Environmentalists and ecologists use the phrase “delicate balance of nature” to warn us that nature is a delicate creature which may be easily upset and go awry if not properly understood and used. The pursuit of individual economic progress and well-being sounds very well in election campaign manifestoes and speeches to inveigle unwary voters; but is a perilous philosophy to practise as a state policy to encourage it. Such a policy engenders greed among the citizens and will lead to everyone playing the game of one-upmanship which we are witnessing today in every sphere of human activity. To our coal barons the game is for making money hand over fist with nary a thought for the less privileged. In a word it is greed.
All this philosophizing would go over the heads of the coal barons who are not sufficiently educated and even over the heads of those who are regarded as being well-educated. It is relevant, therefore, to draw attention to some facts that we have to consider when considering the issue of coal mining worldwide. The most important ones now are, resource depletion, population growth and runaway technology.

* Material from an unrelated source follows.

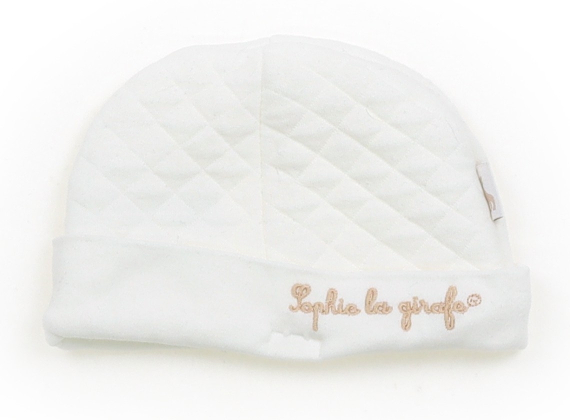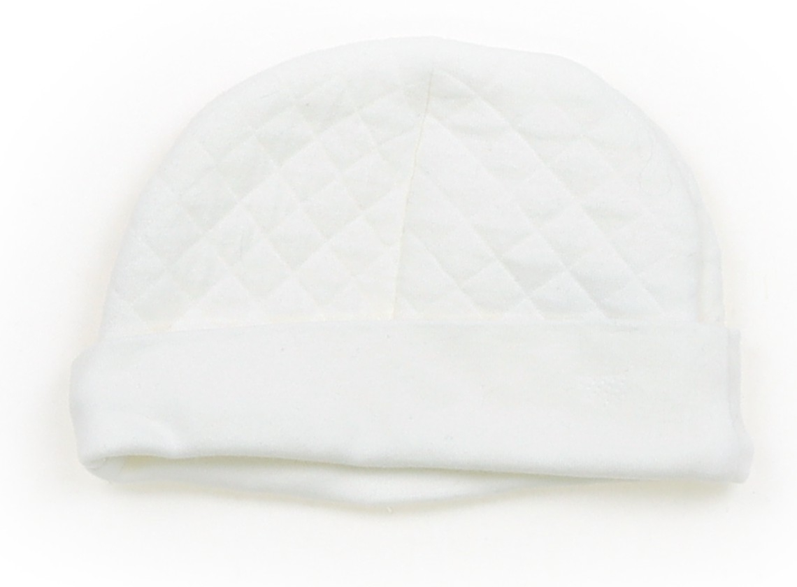 サイズ表記はありませんが、実寸では8~9cm位です。帽子(被り口の実寸約32cm)がセットになっています。カットソー素材のキルト風生地です。使用感はありますが、きれいな状態です。

Coal is a fossil fuel which is not made or manufactured by man; it cannot be recycled. Economists call it ‘capital’; but they omit the fact that it is not replaceable – it is irreplaceable. Once used or consumed it is lost forever. Fossil fuels take a very long time to form. Scientists tell us that the hard coal (anthracite) that we use today was formed of trees and vegetation over a period of 4,000 million years, during what geologists call the Carboniferous Age/Period in the earth’s evolution. The trees and vegetation that die and decay today in some inaccessible place will have to undergo the same process for that same long period of time to become the hard coal that we have today formed of the raw materials of 4,000 million years ago. This is what some economists call ‘natural capital’ which, once depleted cannot be replenished. So, by treating this natural capital as income we are depriving posterity of this capital which is being depleted by this generation.
Population growth will put greater pressure on land which is needed to accommodate and feed the growing number of people jostling for space to survive. At the rate that the earth’s population is growing as indicated in successive censuses, it will not be long before its impact will become overwhelming.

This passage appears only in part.